On cross-examination, Bell stated that he identified appellant to Sergeant Schmidt as the shooter because he was “heavily medicated” and Giles “had already told [him] that it was [appellant],” not because he actually saw appellant shooting at him.  Bell conceded that he had seen appellant’s black Caprice at the party, but he did not see it again after he had been shot.

Dewarence Abbs, a friend of appellant’s, testified that he, Giles, and appellant’s two brothers, Demetries Amos and Kristian Williams went to the party in different cars, three of which belonged to appellant, and one of which belonged to Williams and Giles.  Abbs drove a blue “Park Avenue,” Williams another “Park Avenue,” “blue . . . with black rims,” and Giles yet another “Park Avenue.”  Abbs explained that appellant left the party in the blue Park Avenue that Abbs drove to the party and Abbs left the party in a “bluish-purple” Caprice, which belonged to appellant.  As he was leaving the party, Abbs saw the white SUV hit the blue Park Avenue that appellant was driving.  Moments later, he then saw appellant “start[] shooting” back at the vehicles from “outside” the blue Park Avenue.
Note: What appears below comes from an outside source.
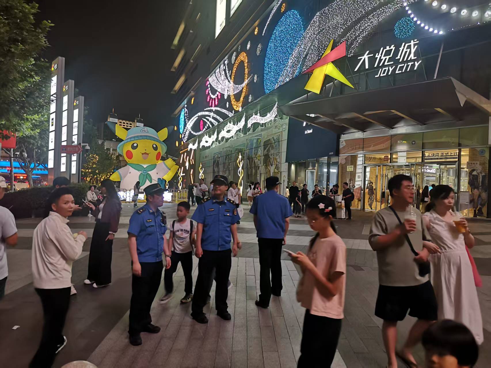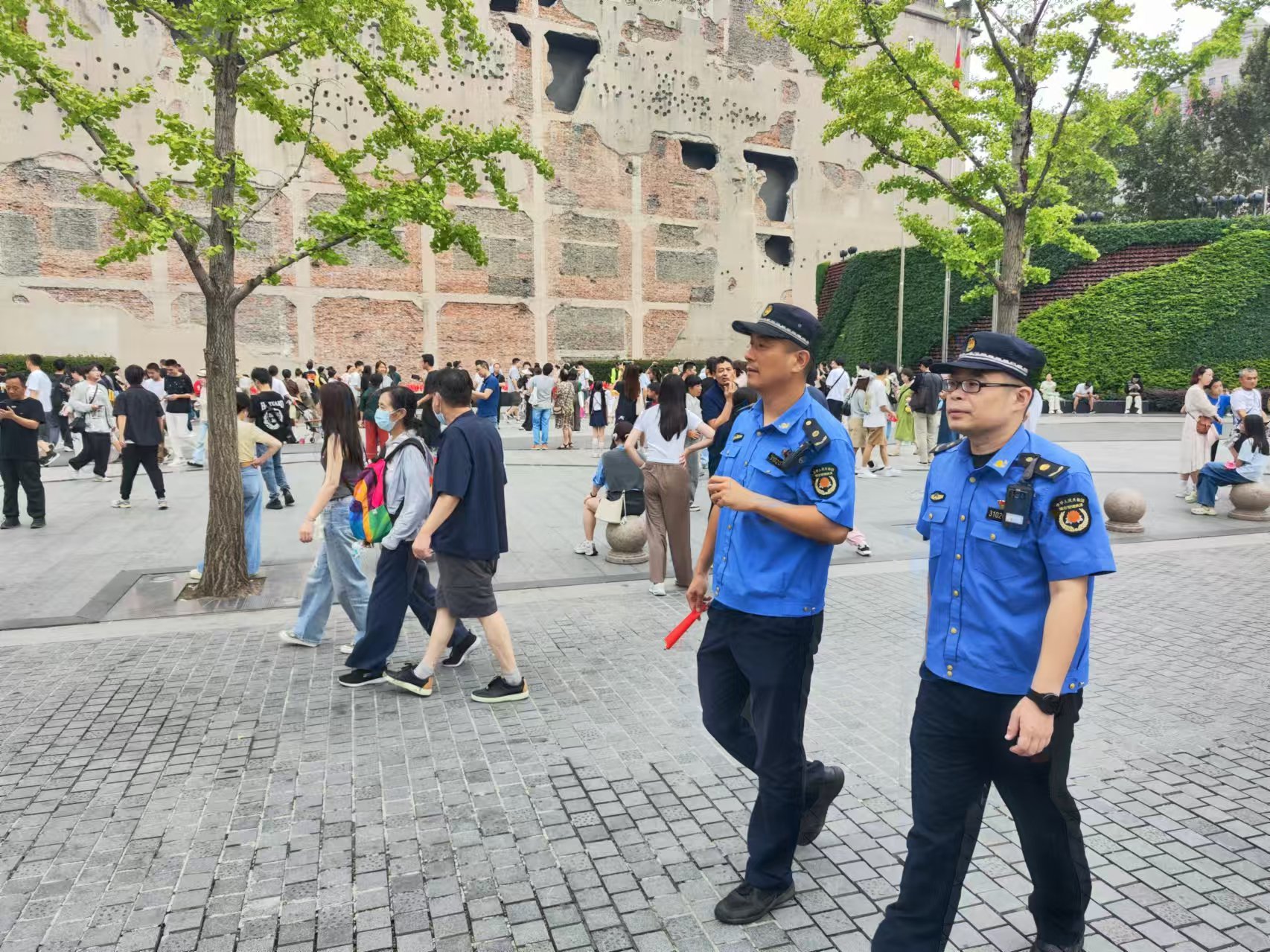 夜间观展时段,天气闷热,游客众多,安全隐患随之增加。队员们不断进行安全提示:“请拿好您的水瓶,不要随意丢弃,防止误踩滑倒”、“家长请看好自己的孩子,注意安全,不要追逐打闹”、“抱小孩的家长,请尽量站在靠内侧的位置,与平台边缘保持距离,以防拥挤”、“你好,这里人流量大,共享单车请勿停放在这里”。一句句温馨的提醒,传递着温度,也织密现场的安全防护网。他们始终固守直至光影秀散场,确认现场安全后,才有序撤离,继续投身于辖区其他点位的夜间巡查工作。

On cross-examination, Abbs explained that the car from which the shots came “looked like [appellant’s car]” and he “[assumed] it was [appellant] because  . . . [he] thought that [the car] was one of [appellant’s] cars.”  On redirect examination, Abbs again identified the blue Park Avenue that appellant had been driving when he left the party as the car from which the shots were fired and said, “I saw [appellant]” shooting.